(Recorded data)
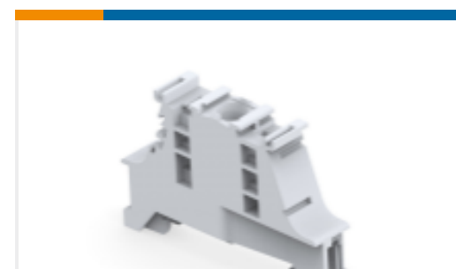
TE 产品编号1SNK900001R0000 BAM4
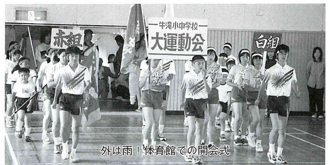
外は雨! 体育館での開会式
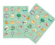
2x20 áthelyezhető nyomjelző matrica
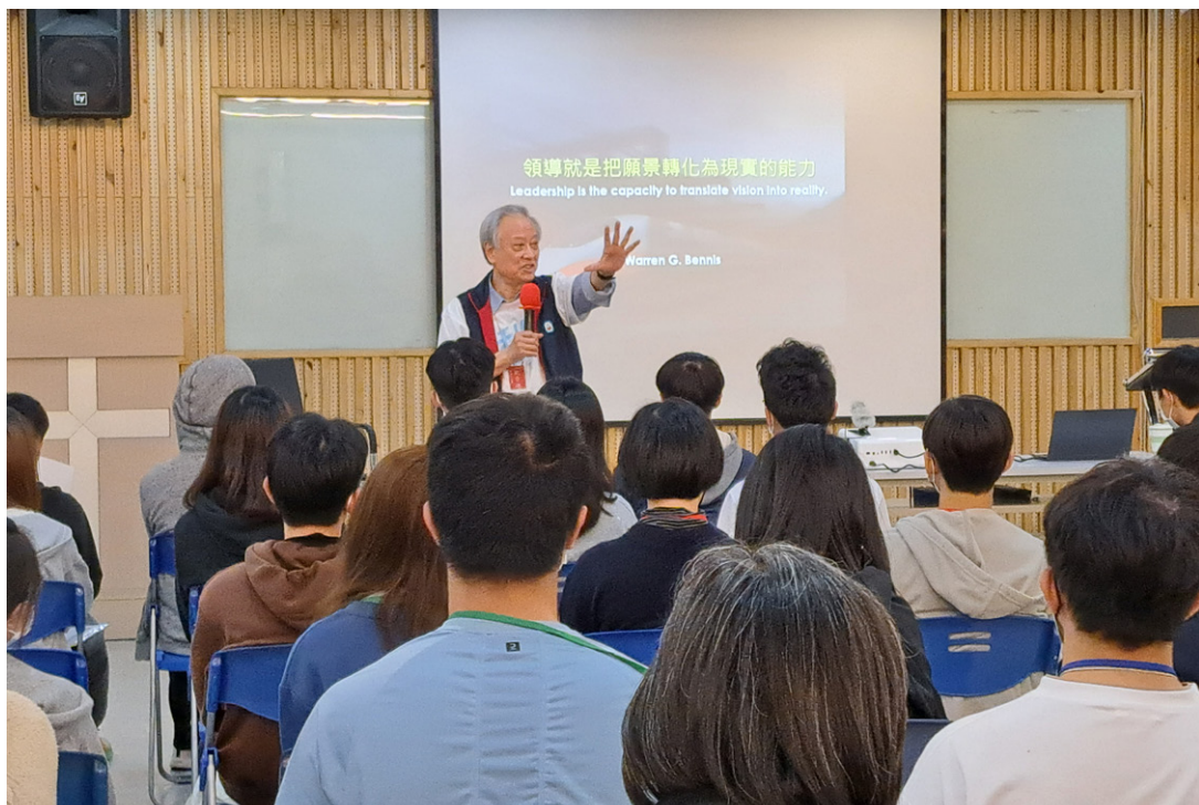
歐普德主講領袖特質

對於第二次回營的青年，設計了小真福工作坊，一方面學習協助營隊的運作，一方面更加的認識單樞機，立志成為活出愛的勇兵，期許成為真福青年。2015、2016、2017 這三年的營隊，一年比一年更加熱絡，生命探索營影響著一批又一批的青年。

WHAT NEEDS TO BE DONE:
Could the data above be repeated exactly, with every picture dropped?

OUTPUT:
TE 产品编号1SNK900001R0000 BAM4
外は雨! 体育館での開会式
2x20 áthelyezhető nyomjelző matrica
歐普德主講領袖特質

對於第二次回營的青年，設計了小真福工作坊，一方面學習協助營隊的運作，一方面更加的認識單樞機，立志成為活出愛的勇兵，期許成為真福青年。2015、2016、2017 這三年的營隊，一年比一年更加熱絡，生命探索營影響著一批又一批的青年。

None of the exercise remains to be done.